ETP FLOWS
January 2019 ETP Flows Commentary
$10B flowed into EMEA-listed ETPs with fixed income
has kicked off 2019 with a bang
Karim Chedid
Karim Chedid, CAIA
Investment Strategist

Key themes this month

1. Income fix: Fixed income leads inflows
2. Held in high esteEM: Largest ever monthly inflow into emerging market (EM) equity ETPs
3. A golden start: Gold ETPs in favour

Capital at risk. All financial investments involve an element of risk. Therefore, the value of the investment and the income from it will vary and the initial investment amount cannot be guaranteed. Unless otherwise stated all data is sourced from the BlackRock Global ETP Landscape at 31 January 2019.

Income fix
1. Income fix

  • Emerging markets were the talk of the town in January, as the exposure led fixed income inflows. Investors allocated $2.7B to emerging market debt (EMD) ETPs, the largest ever monthly inflow into the exposure. Investor interest in EMD was mixed in 2018, with net inflows for the year totalling $2.7B – which has already been equalled in 2019.
  • Rates (government bond ETPs) continued their popularity into 2019 with $2.5B of inflows in January, albeit down from a bumper $3.9B in December.
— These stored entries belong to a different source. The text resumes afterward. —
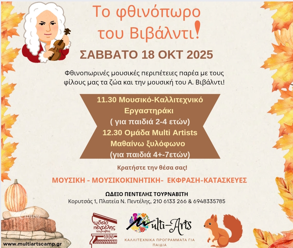 Έρχεται το Φθινόπωρο του Βιβάλντι-Σαββ 18Οκτ- θεματικά Εργαστήρια για παιδια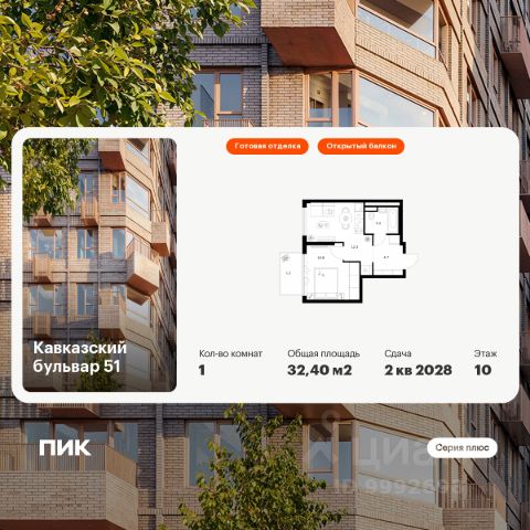 Продаётся 1-комн. квартира площадью 33,2 кв.м на 5 этаже 7 этажного дома (Корпус 3.7, Секция 4) проекта ПИК Кавказский бульвар 51. Светлый просторный подъезд на уровне земли, функциональная планировка, большие окна, предчистовая отделка. "Кавказский бульвар 51" — современный жилой квартал в районе Царицыно. Проект частично реализован. "Кавказский бульвар 51" находится в районе Царицыно, недалеко от одноимённого музея-заповедника. До метро "Кантемировская" — 17 минут пешком. За 20 можно дойти до станции "Чертаново". В 10 минутах на машине — МКАД, в 11 минутах — Варшавское шоссе, а в 16 минутах — ТТК. В проекте жилые дома высотой от 5 до 33 этажей, детский сад и школа. На первых этажах доступны магазины, кафе, салоны красоты и другие сервисы — чтобы купить кофе и свежий хлеб к завтраку, можно просто спуститься на лифте. В уютных дворах-парках есть места для отдыха и детские площадки. Для прогулок на свежем воздухе мы построим для жителей широкий пешеходный бульвар. В районе вокруг "Кавказского бульвара 51" есть всё для комфортной жизни: детские сады, школы, поликлиники, магазины и торговые центры. Девять минут на машине — и вы у музея-заповедника "Царицыно", где можно гулять среди исторических построек, лежать на траве под тенью деревьев или заниматься спортом на специальных площадках. Есть парки и поближе: до Аршиновского можно дойти за 8 минут, а до парка "Сосенки" — за 13 минут. Артикул 1009927 (Застройщик АО "СПЕЦИАЛИЗИРОВАННЫЙ ЗАСТРОЙЩИК "ТОРГОВЫЙ ДОМ СПУТНИК") 1-комнатная квартира от застройщика в районе Царицыно в Москве.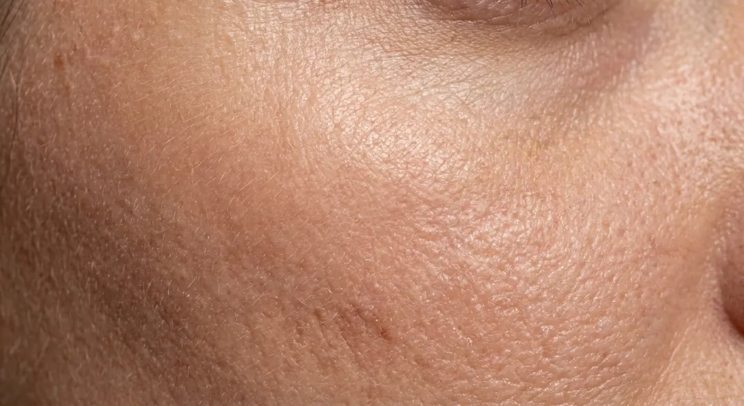 超写实皮肤,自然肤色,细腻毛孔,皮肤纹理清晰,皮肤层次丰富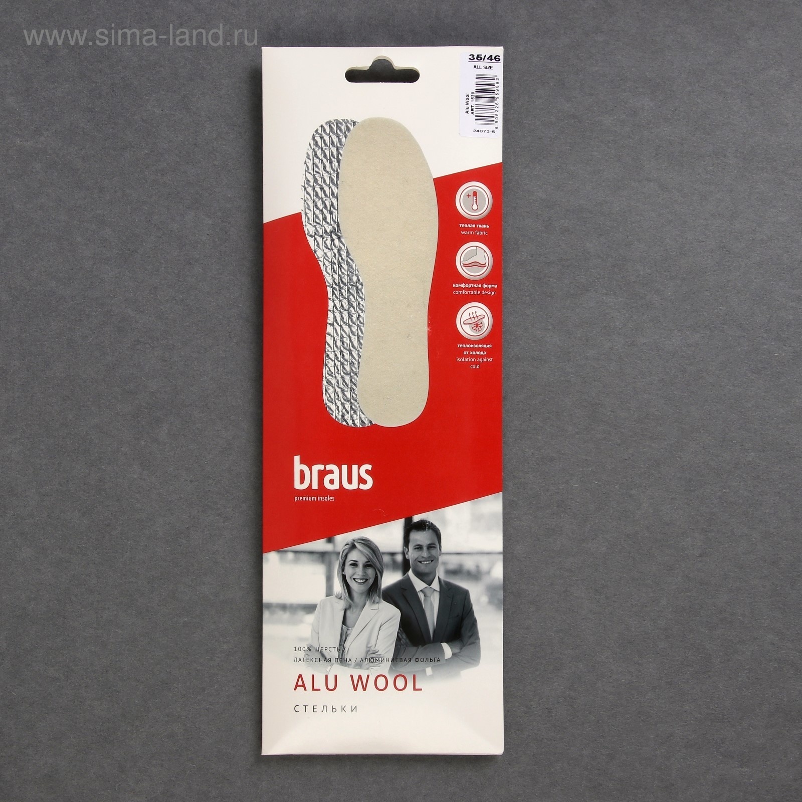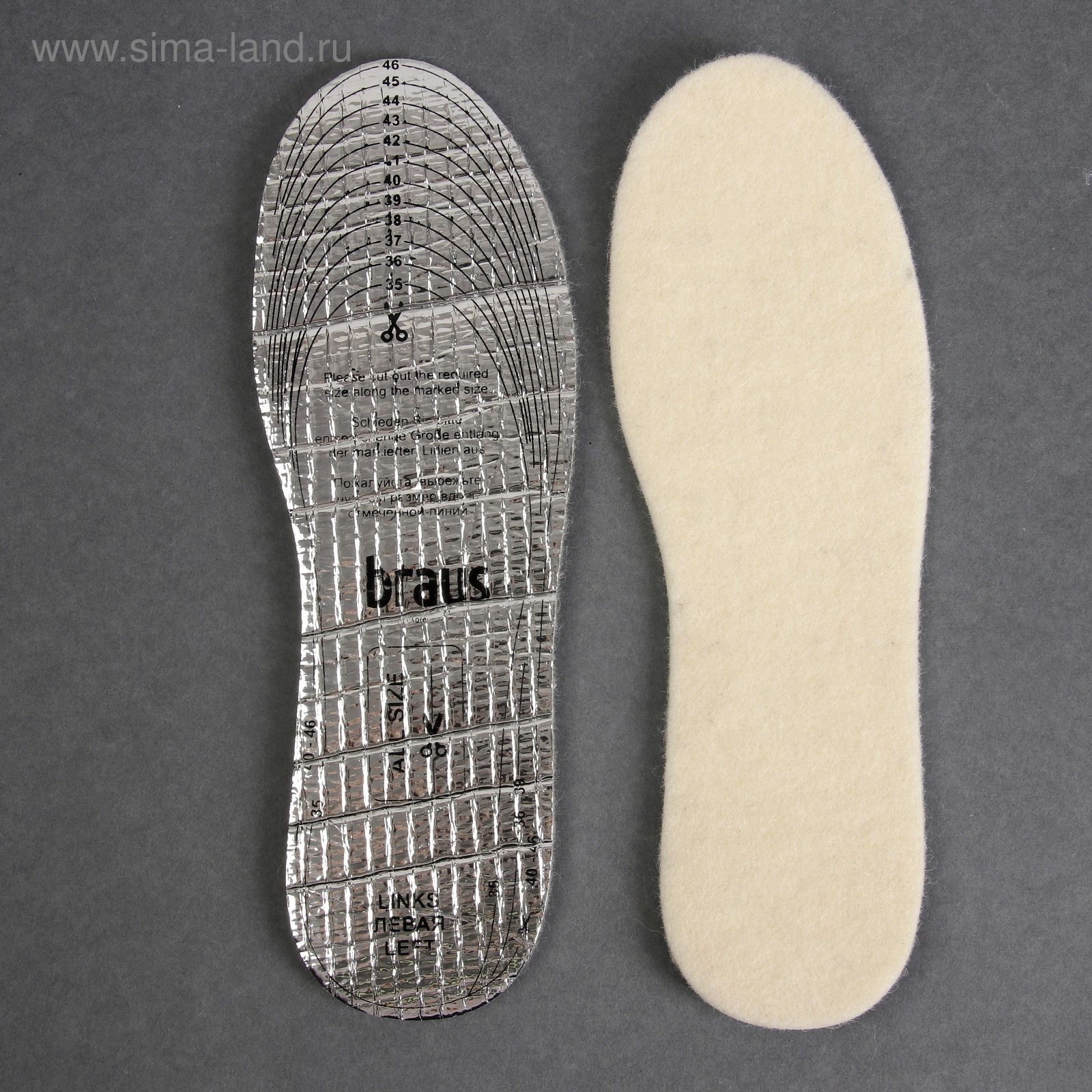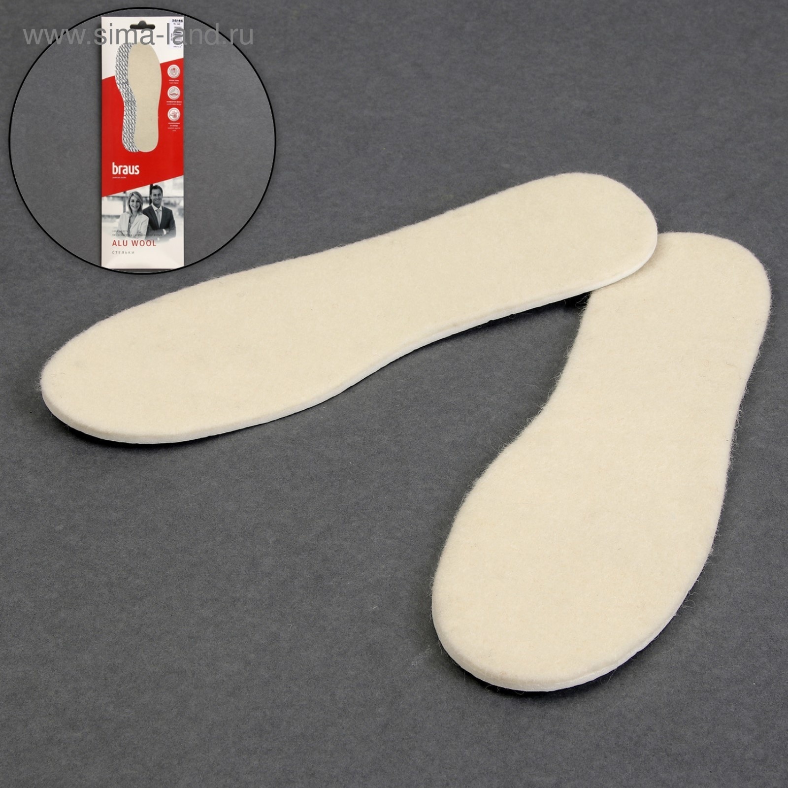 Стельки для обуви, универсальные, р-р ru до 48 (р-р пр-ля до 46), 30 см, пара, цвет белый. Теплые стельки рассчитаны на зимнее время года. Шерстяная ткань эффективно и надолго сохраняет тепло, впитывая излишнюю влагу обеспечивает комфорт. Эластичная и упругая пенка гарантирует мягкость и удобство во время ходьбы. Алюминиевая фольга препятствует проникновению холода снаружи. Компания ООО «Браус» специализируется на производстве качественных съёмных стелек. Они изготовлены из экологически безопасных, протестированных дерматологами и имеющих санитарно-гигиенические сертификаты материалов. Качество и долговечность изделий BRAUS не уступают мировым аналогам. Они обладают уникальной конструкцией, сделаны на пластиковом каркасе, имеют наполнение из латекса и активированного угля, покрыты натуральной кожей. Стельки обеспечивают отличную воздухопроницаемость, быстрое удаление излишков влаги, правильную поддержку свода стопы и жёсткую фиксацию пятки. Также с помощью них можно бороться с главными проблемами активных людей: тяжестью ног, усталостью, болями в голеностопе, мозолями. Цвет: Белый Размер: 35 Размер: 36 Размер: 37 Размер: 38 Размер: 39 Размер: 40 Размер: 41 Размер: 42 Размер: 43 Размер: 44 Размер: 45 Размер: 46 Детские: Нет Вид упаковки: Пакет Материал: Латекс Материал: Шерсть Материал: Фольга Вид: Утеплённые Вид: На всю стопу Вид: Универсальные Вид стелек: Стельки Температурное ограничение: Нет  развернуть описание ▼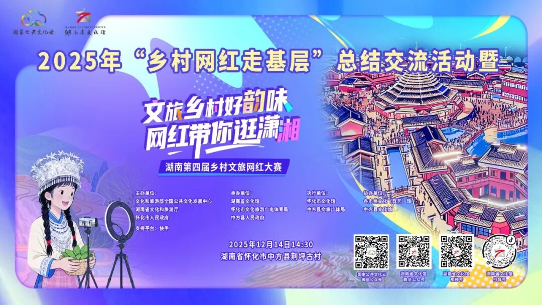 12月14日14:30,2025年“乡村网红走基层”总结交流活动暨“文旅乡村好韵味·网红带你逛潇湘”湖南第四届乡村文旅网红大赛将在湖南省怀化市中方县荆坪古村举办,国家公共文化云全程直播。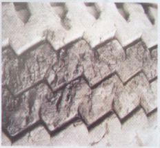 轮胎胎面花纹边缘,沿周向鱼鳞状磨损。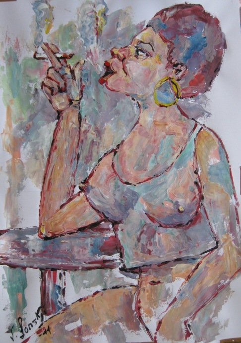 Картина тетка сидит портрет

Inflows within rates ETPs were fairly evenly split between intermediate and short term focused ETPs, while long term focused ETP inflows were flat across the month.
  • Investment grade ETPs reversed December outflows of $0.5B with inflows of $0.8B in January – the largest monthly inflow since December 2017. High yield also started 2019 in positive territory with $0.4B of inflows in January, off the back of $0.9B of outflows across 2018.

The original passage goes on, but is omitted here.